Bridging Temporomandibular Joint Structure, Function, and Pain: An Integrated Multiscale Perspective

The temporomandibular joint (TMJ) features unique tissue structures that support its complex functional demands. Alterations in these structures are often linked to jaw dysfunction, with pain being one of the most prevalent symptoms. However, the mechanisms underlying TMJ pain and its relationship with structural deterioration or functional impairment remain poorly understood. A comprehensive understanding of the interplay among TMJ structure, function, and pain is essential for uncovering disease mechanisms and developing effective therapies. To date, TMJ research in humans and animal models has been predominantly conducted in separate domains of structure, function, and pain, limiting integrative insights. Clinical studies also show inconsistent correlations among joint structural changes, jaw dysfunctions, and craniofacial pain, complicating diagnosis and treatments. This review aims to bridge these traditionally fragmented areas by synthesizing current knowledge across macroscopic and microscopic scales in human and animal models.

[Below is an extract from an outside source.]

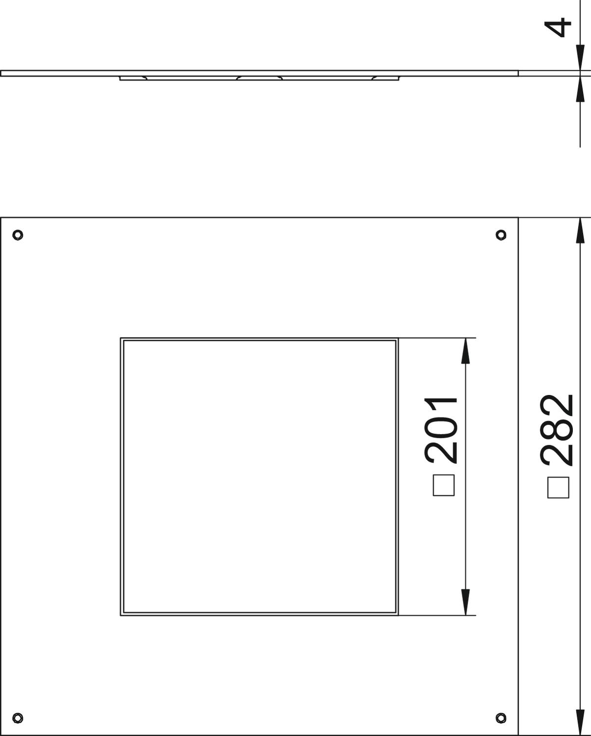 Descrição do produtoAro de redução para caixa de pavimento do tipo UZD250-3/4, para instalação de uma tampa de tamanho 4. Abertura de montagem com 3 mm de espessura para aplicação posterior de tampa cega.

TMJ diseases involve spatially proximate cellular, extracellular, and neural components that undergo multiscale spatiotemporal changes. These components experience complex mechanical loading during joint movement, triggering mechanical, neural, and immune responses that interact bidirectionally to influence TMJ integrity and pain. In turn, the brain modulates motor output and autonomic function, further affecting joint mechanics and cellular and nociceptive responses. To holistically and quantitatively assess these spatiotemporal dynamic processes, we propose a multiscale and multiphysics framework that integrates joint and tissue biomechanics, biochemical signals, cellular responses, nociception, and psychosocial influences. Realizing this vision requires a transdisciplinary effort and the development and adaptation of advanced methods to study TMJ at unprecedented resolution and details. By unifying structural, functional, and pain-related data, this integrated multiscale approach holds promise for elucidating new mechanisms of TMJ development, disease onset and progression, and pain chronicity. Ultimately, it may guide more effective diagnostics and treatments, including the combined use of physical therapy, neuromodulation, and biologically targeted interventions.